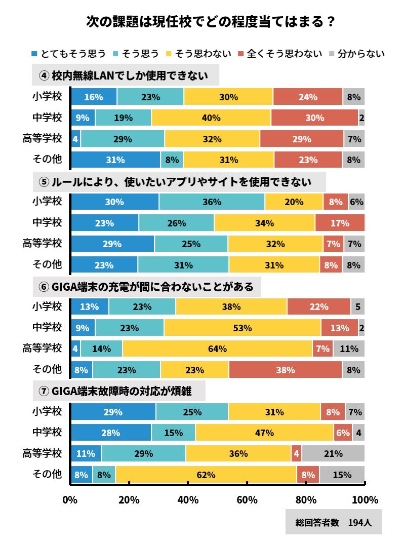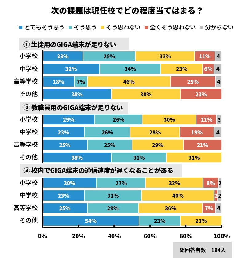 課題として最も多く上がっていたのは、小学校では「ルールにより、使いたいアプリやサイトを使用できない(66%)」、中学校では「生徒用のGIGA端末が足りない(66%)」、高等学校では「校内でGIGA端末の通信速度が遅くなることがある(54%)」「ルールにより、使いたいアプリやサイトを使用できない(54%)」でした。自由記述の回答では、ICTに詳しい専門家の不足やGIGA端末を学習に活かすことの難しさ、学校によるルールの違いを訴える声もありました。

==

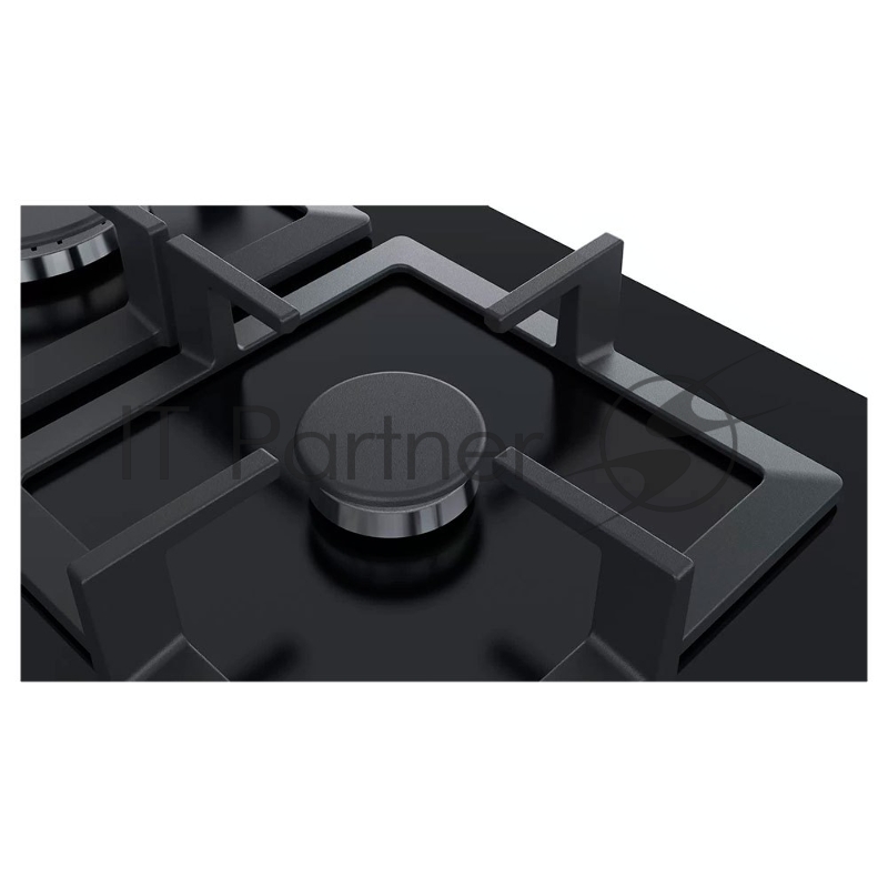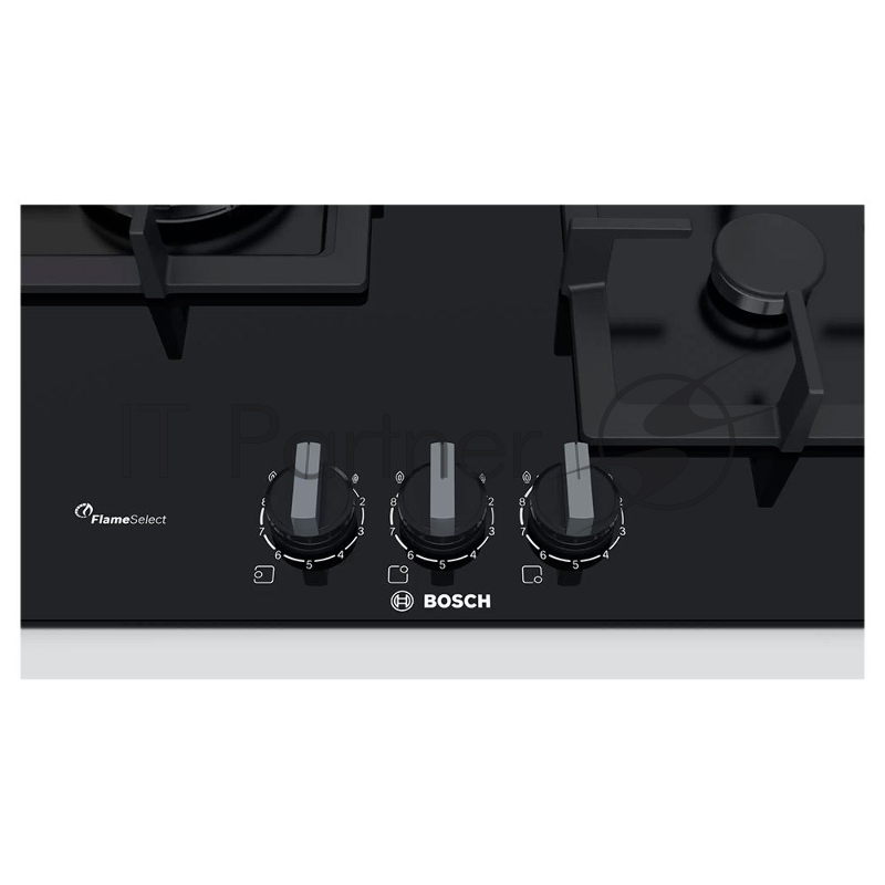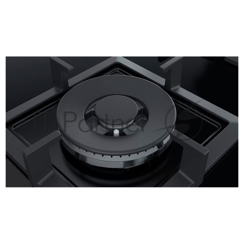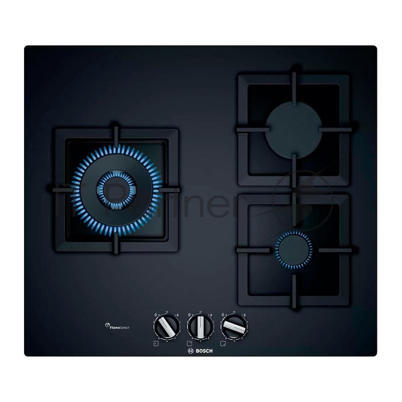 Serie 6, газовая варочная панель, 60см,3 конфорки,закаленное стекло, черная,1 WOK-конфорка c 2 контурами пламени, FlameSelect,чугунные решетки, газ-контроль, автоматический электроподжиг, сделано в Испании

...

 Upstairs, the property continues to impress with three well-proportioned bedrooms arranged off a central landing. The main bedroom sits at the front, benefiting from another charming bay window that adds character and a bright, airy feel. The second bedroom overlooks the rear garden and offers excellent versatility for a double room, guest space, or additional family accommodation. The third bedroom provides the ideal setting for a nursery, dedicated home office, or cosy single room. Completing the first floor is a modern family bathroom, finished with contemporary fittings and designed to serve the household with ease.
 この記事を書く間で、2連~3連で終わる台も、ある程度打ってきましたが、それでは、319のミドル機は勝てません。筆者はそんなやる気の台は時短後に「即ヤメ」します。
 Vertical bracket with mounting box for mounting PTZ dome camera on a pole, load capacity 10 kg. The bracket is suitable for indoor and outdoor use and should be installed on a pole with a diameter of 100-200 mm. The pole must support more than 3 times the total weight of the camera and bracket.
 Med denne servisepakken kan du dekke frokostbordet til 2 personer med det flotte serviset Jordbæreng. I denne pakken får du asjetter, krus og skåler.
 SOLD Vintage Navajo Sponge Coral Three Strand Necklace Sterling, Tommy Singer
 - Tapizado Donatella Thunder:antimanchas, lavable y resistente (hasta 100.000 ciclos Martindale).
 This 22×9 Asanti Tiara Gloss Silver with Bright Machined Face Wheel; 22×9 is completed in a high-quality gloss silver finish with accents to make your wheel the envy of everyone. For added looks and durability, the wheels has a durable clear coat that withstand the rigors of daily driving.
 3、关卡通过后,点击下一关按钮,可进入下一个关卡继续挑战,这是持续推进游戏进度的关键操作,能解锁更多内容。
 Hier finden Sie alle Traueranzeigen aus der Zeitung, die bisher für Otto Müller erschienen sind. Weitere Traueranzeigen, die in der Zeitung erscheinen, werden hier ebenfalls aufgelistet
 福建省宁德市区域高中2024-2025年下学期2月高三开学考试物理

▸ **TO DO**
Reproduce, word for word and in full, only the lines above that start at the line with "- Tapizado Donatella" and run through the line with "福建省宁德市区域高中2024-2025年下学期2月高三开学考试物理", both ends included.

▸ **RESPONSE TO THIS EXERCISE**
 - Tapizado Donatella Thunder:antimanchas, lavable y resistente (hasta 100.000 ciclos Martindale).
 This 22×9 Asanti Tiara Gloss Silver with Bright Machined Face Wheel; 22×9 is completed in a high-quality gloss silver finish with accents to make your wheel the envy of everyone. For added looks and durability, the wheels has a durable clear coat that withstand the rigors of daily driving.
 3、关卡通过后,点击下一关按钮,可进入下一个关卡继续挑战,这是持续推进游戏进度的关键操作,能解锁更多内容。
 Hier finden Sie alle Traueranzeigen aus der Zeitung, die bisher für Otto Müller erschienen sind. Weitere Traueranzeigen, die in der Zeitung erscheinen, werden hier ebenfalls aufgelistet
 福建省宁德市区域高中2024-2025年下学期2月高三开学考试物理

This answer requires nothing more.